Traditional leaders taking the lead
Some traditional leaders in Luapula Province have begun acting against child marriages. Chief Kasoma Lwela, a traditional ruler in Mansa, dissolved 15 child marriages in 2010 alone, and in the process sent about 12 girls back to school.
"Under-age marriages are rife in my area, and are affecting the education of girl children and exposing them to HIV and AIDS at a tender age. Early marriages are exposing young girls to complications when giving birth, resulting in increased maternal and infant mortality," he told IRIN. He intends to dissolve all child marriages in his jurisdiction through the traditional courts.
Elicho Bwalya, the provincial medical officer, said government had intensified awareness-raising campaigns to curb teenage pregnancies and child marriages in Luapula.
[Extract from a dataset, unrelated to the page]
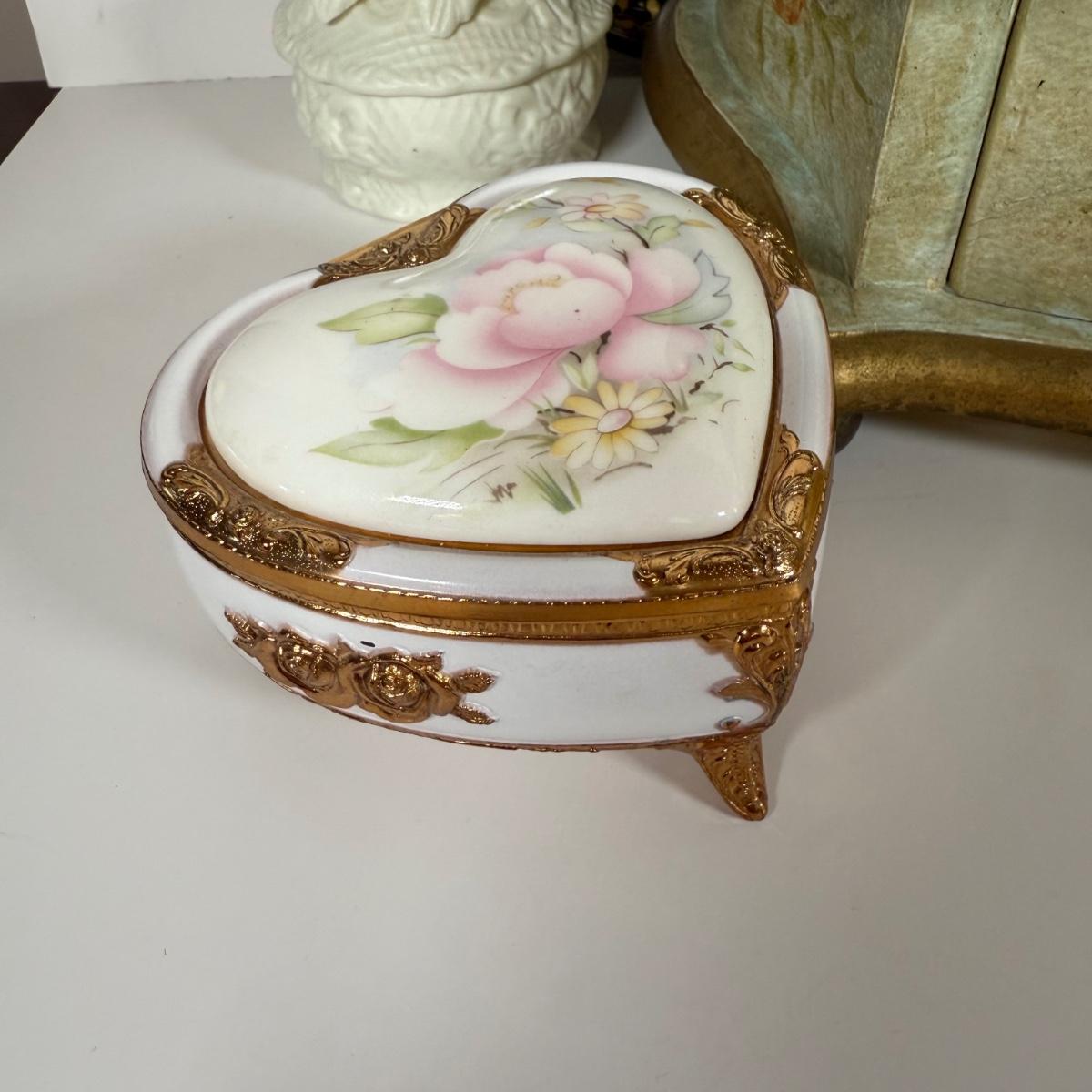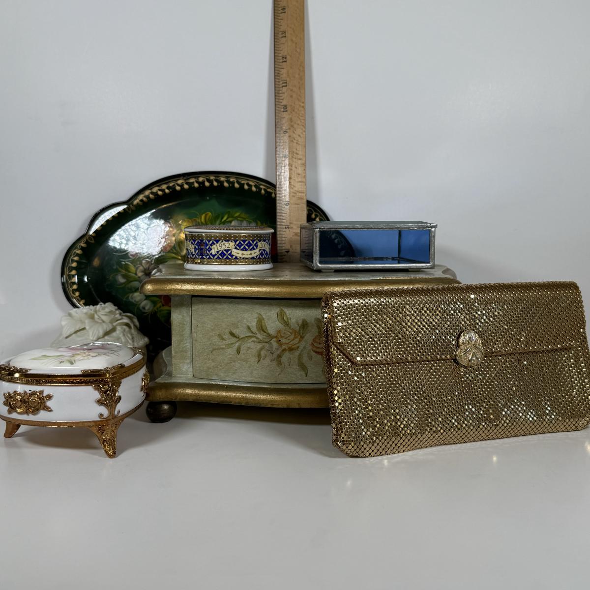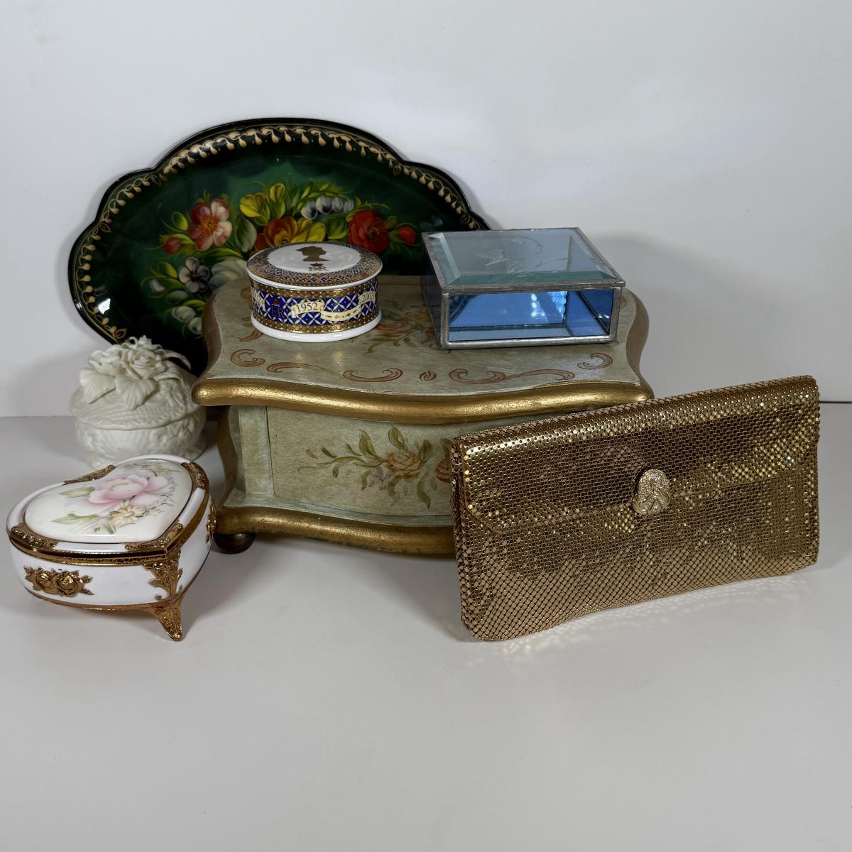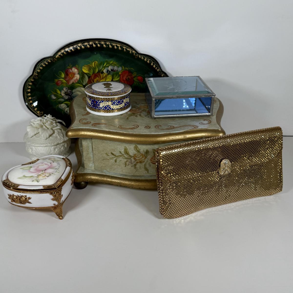 LOT 6D: Vintage Vanity Collection - Gold Color Evening Clutch & Trinket Boxes - James Sadler Queen Elizabeth II, Westland Heart & White China w/ Sculpted Roses

With support from UNFPA, the government has so far trained 56 health staff in long-term family planning methods, a further 49 in emergency obstetric and neo-natal care, and 1,010 community workers in family planning promotion and distribution of materials across the province, he said.
"This situation of having children carrying their fellow children [in pregnancies] is making our healthcare programmes very difficult to implement, because we are talking to immature people," Bwalya said.
"We end up with a lot of diseases in the community, affecting mothers, affecting children, and this will consequently translate to more poverty at national level."